■ **Problem description**
Please repeat, exactly as written, the line containing "Införskaffad från auktionshus" and every line after it through the end of the records below, leaving out any pictures.

___ Data for processing

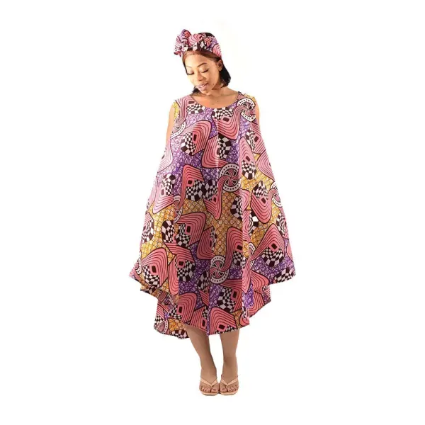The flowing asymmetrical hemline and flattering scoop neckline make it perfect for festivals, brunch dates, or weekend escapes. Comes complete with a matching headwrap for an effortlessly coordinated look.
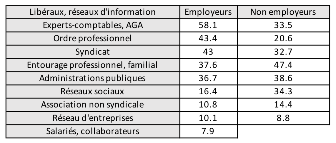 ♦ Du côté des employeurs, le recours à la sphère de relations personnelles directes est beaucoup moins prégnant (38 %), au profit des experts‐comptables et les associations de gestion agréées (58 %), puis des ordres professionnels (43 %) et syndicats (43 %), devant les administrations publiques (37 %) et loin derrière les réseaux sociaux (16 %), le réseau d’entreprises (10 %) et les salariés (8 %).
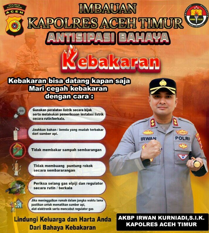 ‘’Pastikan tidak ada sumber api yang masih menyala saat akan pergi meninggalkan rumah,’’ jelas Kapolres Aceh Timur AKBP Irwan kurniadi, S.I.K.
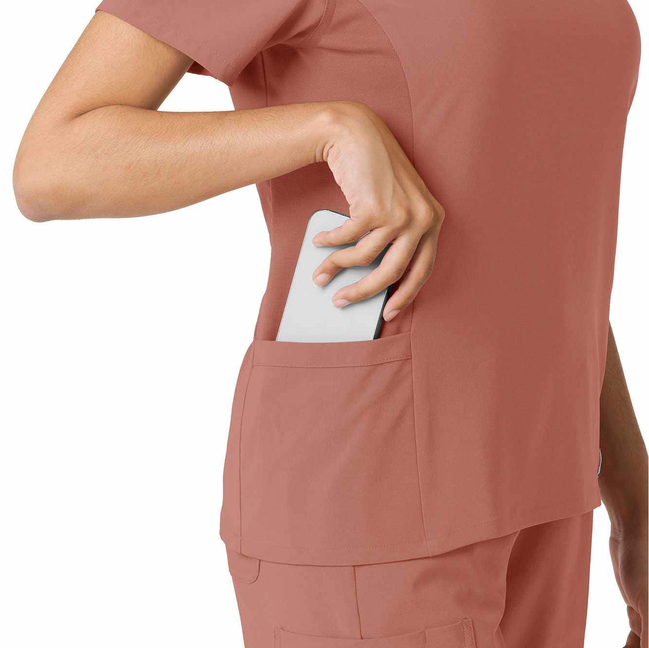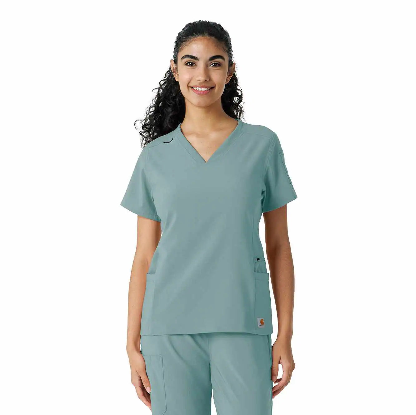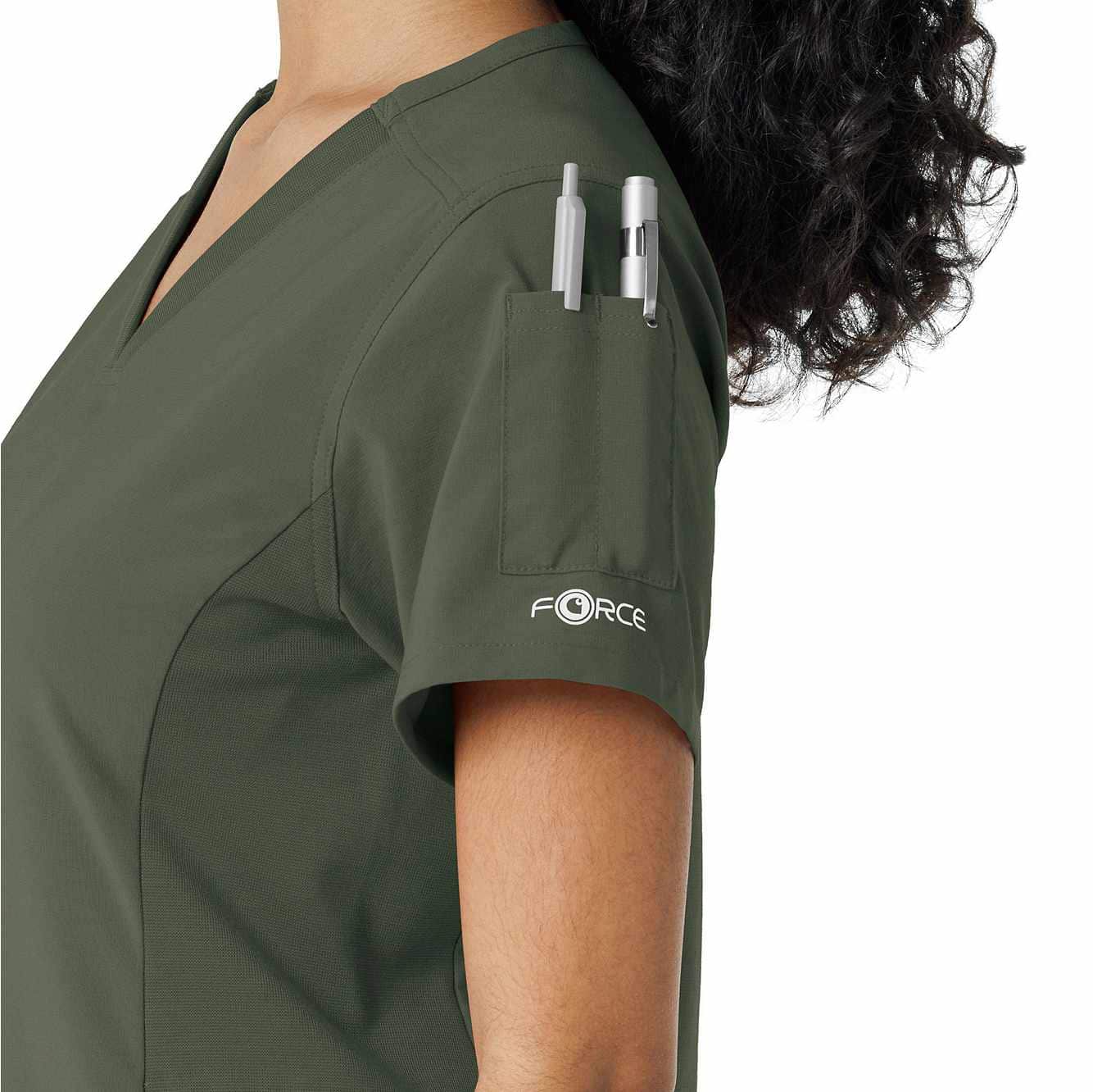 Meet your new favorite scrub top for intense shifts! The Carhartt Force Cross-Flex Women's Knit Panel Scrub Top is designed to move with you, thanks to soft, stretchy fabric that feels more like athletic gear but with a polished, professional vibe. The rib-knit inserts on the sides provide added flexibility, so you stay comfortable no matter the task. With a handy shoulder badge loop and secure zip pocket on the left hip, plus top-loading pockets for essentials, it’s as functional as it is flattering.
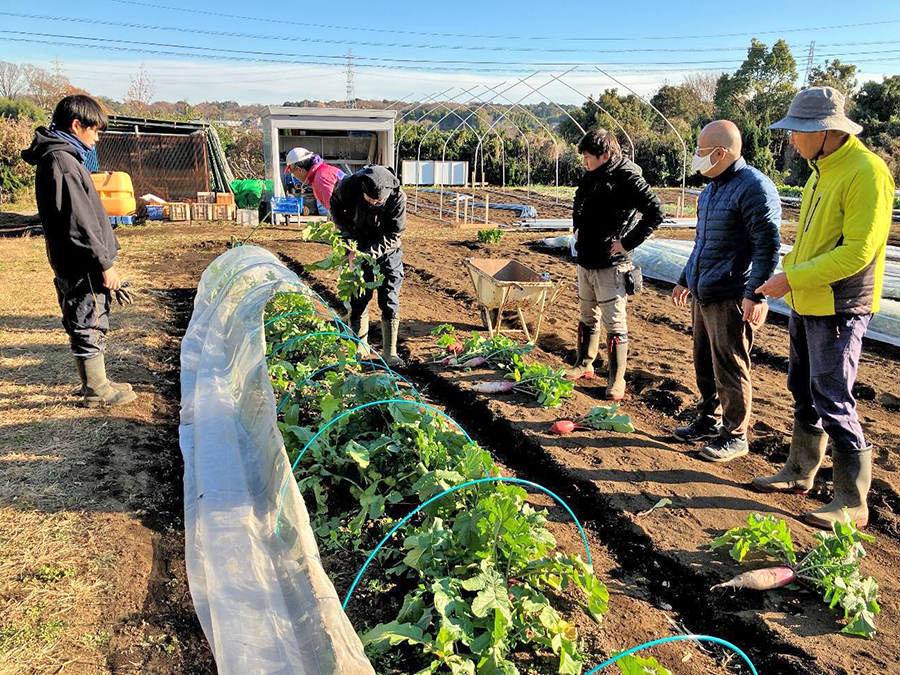 ユニバーサル農園が開園したのは2024年10月。事前に参加を呼びかけると引きこもりなどから社会参加を目指している30~60代の3人が集まりました。障がい者に就労機会や必要な訓練を提供する神奈川ワークショップでは、施設近隣の農地を譲り受けたことをきっかけに、15年ほど前から製パンや印刷などさまざまある作業の1つとして農作業をスタート。現在は知的障がいを持つ8人が就労しています。ユニバーサル農園の参加者は毎週火・木曜にその活動に加わり、ともに野菜作りを楽しみます。活動時間は午前10時から午後3時ですが、いつ来ていつ帰っても良い緩やかな雰囲気です。
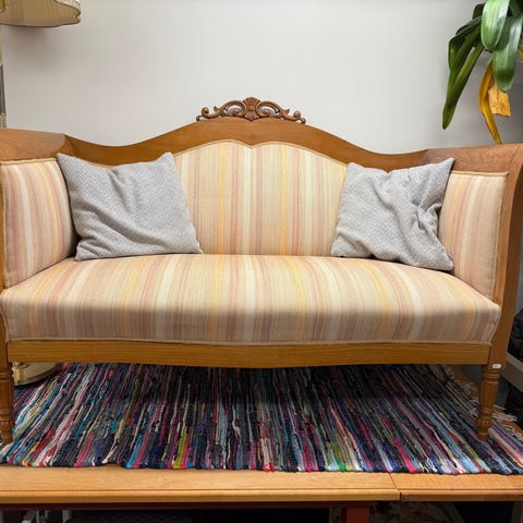 Införskaffad från auktionshus Kolonn i höstas för 3000 kr (värderad 3000 kr) i mycket bra skick. Nu har vi fått katt och två revor finns se på bild. Vi säljer vidare innan den vackra soffan slits mer.
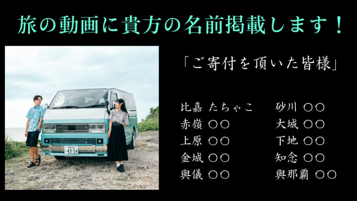 ・旅の途中で制作する動画にあなたのお名前を掲載させていただきます。動画のエンドクレジットに特別な感謝の気持ちを込めて、お名前を載せます。

______

■ **Written solution**
 Införskaffad från auktionshus Kolonn i höstas för 3000 kr (värderad 3000 kr) i mycket bra skick. Nu har vi fått katt och två revor finns se på bild. Vi säljer vidare innan den vackra soffan slits mer.
 ・旅の途中で制作する動画にあなたのお名前を掲載させていただきます。動画のエンドクレジットに特別な感謝の気持ちを込めて、お名前を載せます。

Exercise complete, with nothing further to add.